#### [WORK TO BE COMPLETED]
Count the lines that contain the string "Lidén" in the records beneath, and respond with the number only.

Entries taken from a collection:

-----

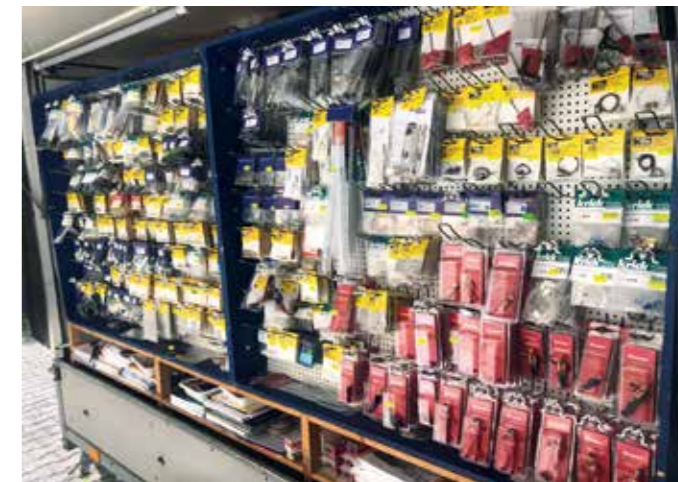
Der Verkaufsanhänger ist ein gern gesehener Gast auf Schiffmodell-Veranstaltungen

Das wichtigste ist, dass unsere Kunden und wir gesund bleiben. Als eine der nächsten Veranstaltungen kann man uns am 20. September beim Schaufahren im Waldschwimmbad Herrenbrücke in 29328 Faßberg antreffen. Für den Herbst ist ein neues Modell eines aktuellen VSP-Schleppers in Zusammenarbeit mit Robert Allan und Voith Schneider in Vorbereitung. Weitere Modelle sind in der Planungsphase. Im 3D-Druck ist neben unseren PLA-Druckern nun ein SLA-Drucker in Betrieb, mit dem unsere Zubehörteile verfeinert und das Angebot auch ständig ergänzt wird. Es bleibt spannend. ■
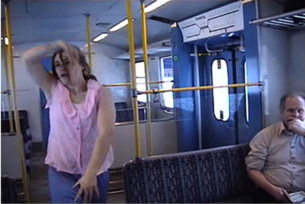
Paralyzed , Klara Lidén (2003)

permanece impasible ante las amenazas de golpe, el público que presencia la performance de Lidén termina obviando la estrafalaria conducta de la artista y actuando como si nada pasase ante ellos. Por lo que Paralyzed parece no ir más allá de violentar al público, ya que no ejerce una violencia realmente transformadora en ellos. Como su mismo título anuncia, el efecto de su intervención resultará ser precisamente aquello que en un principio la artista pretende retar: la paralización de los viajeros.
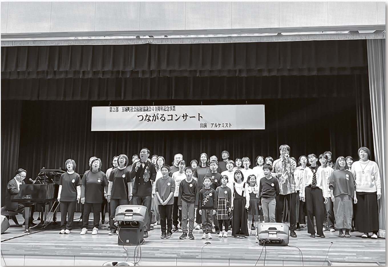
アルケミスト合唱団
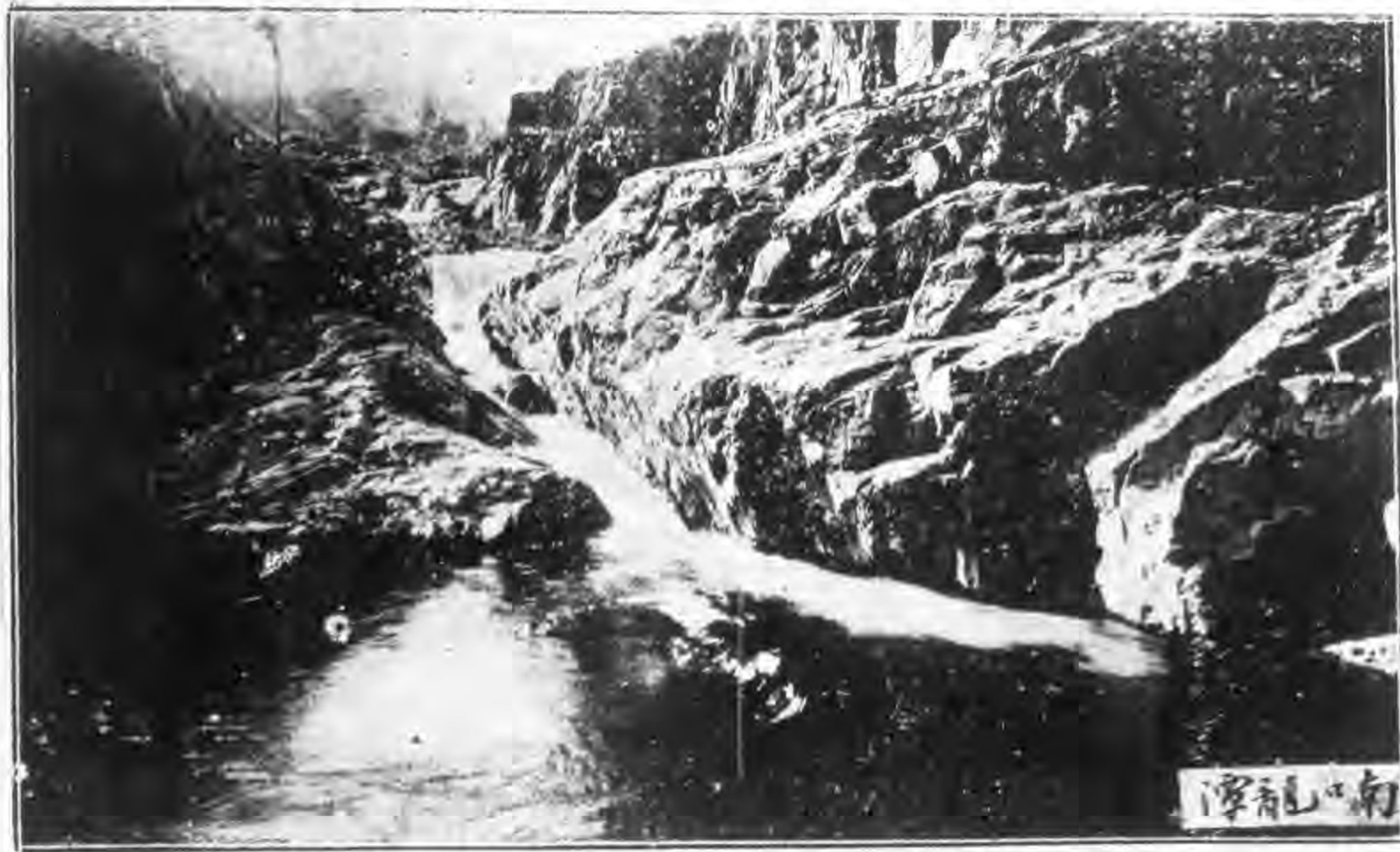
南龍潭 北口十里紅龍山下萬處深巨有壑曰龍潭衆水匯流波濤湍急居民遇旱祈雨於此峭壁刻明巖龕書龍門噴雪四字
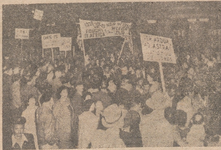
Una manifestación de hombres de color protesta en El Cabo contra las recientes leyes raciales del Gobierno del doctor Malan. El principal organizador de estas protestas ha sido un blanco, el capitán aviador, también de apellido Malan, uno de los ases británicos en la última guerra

-----

#### [SOLUTION TO THE EXERCISE]
2